This is a very different matter. The mere sense of superiority is not something in which any special policy can be recommended, because it is there and cannot be remedied. It is part of the whole position. But it is possible to restrain its expression. For that purpose it is of value to define it, to put it upon record and to estimate its effect upon our issue.

The Jew individually feels himself superior to his non-Jewish contemporary and neighbour of whatever race, and particularly of our race; the Jew feels his nation immeasurably superior to any other human community, and particularly to our modern national communities in Europe.

The frank statement of so simple and fundamental a truth is rarely made. It will sound, I fear, shocking in many ears. To many others it will sound not so much shocking as comic, and to many more stupefying.

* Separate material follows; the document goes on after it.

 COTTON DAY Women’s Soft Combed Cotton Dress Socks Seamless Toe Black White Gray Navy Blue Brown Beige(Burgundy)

The idea that the Jew should think himself our superior is something so incomprehensible to us that we forget the existence of the feeling. If it be constantly reiterated, for the purpose of dealing with this great political difficulty, it is perhaps reluctantly admitted, but still held as sort of abnormal, bewildering truth. I contend that the forgetfulness of that truth, the attempt to solve the problem without that truth remaining constant and fixed in the mind of the statesman, is in a very large measure the cause of our failure in the past; and that the way the Jew openly acts upon it in gesture, tone, manner, social assertion, is a very important factor in the quarrel between his race and ours.

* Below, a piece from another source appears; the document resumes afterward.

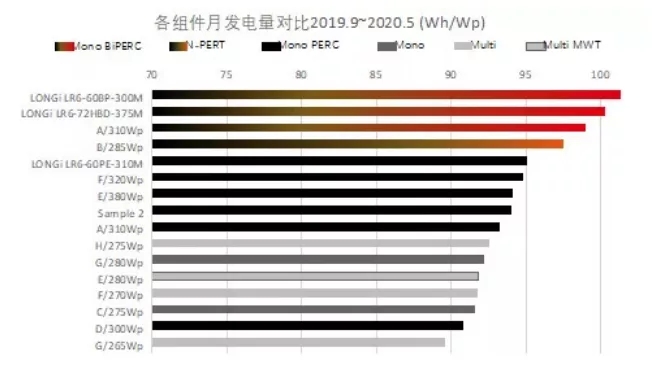 在德國PV Magazine雜志組織的“PV Magazine Test”組件戶外發(fā)電測(cè)試中,隆基雙面組件長(zhǎng)期位居發(fā)電量排行榜榜首,發(fā)電量顯著領(lǐng)先于眾多參評(píng)組件。

Consider the attitude of statesmanship in the past towards this vital conflict. In every such attitude I think the Jewish conviction of superiority has been omitted.

For the attitudes taken up by European statesmen in the past towards the alien Jewish element in their midst have always been one of three sorts:—

(1) Either they have acted as though there were no Jewish nation, as though the Jew were merely a private citizen like any other who happened to have peculiar opinions and customs of his own but who was not substantially different from the men around him.

(2) Or they have attempted to suppress, or to expel, or to destroy the Jew with ignominy and violence.

(3) Or, while recognizing the existence of the Jewish nation as something separate from their own fellow-nationals whom they have to administrate, the statesmen have tried to arrive at equilibrium by a sort of pact in which Jewish separateness was recognized, but under conditions of disability.

Now in all these three methods there is absent all recognition of the Jewish feeling of superiority.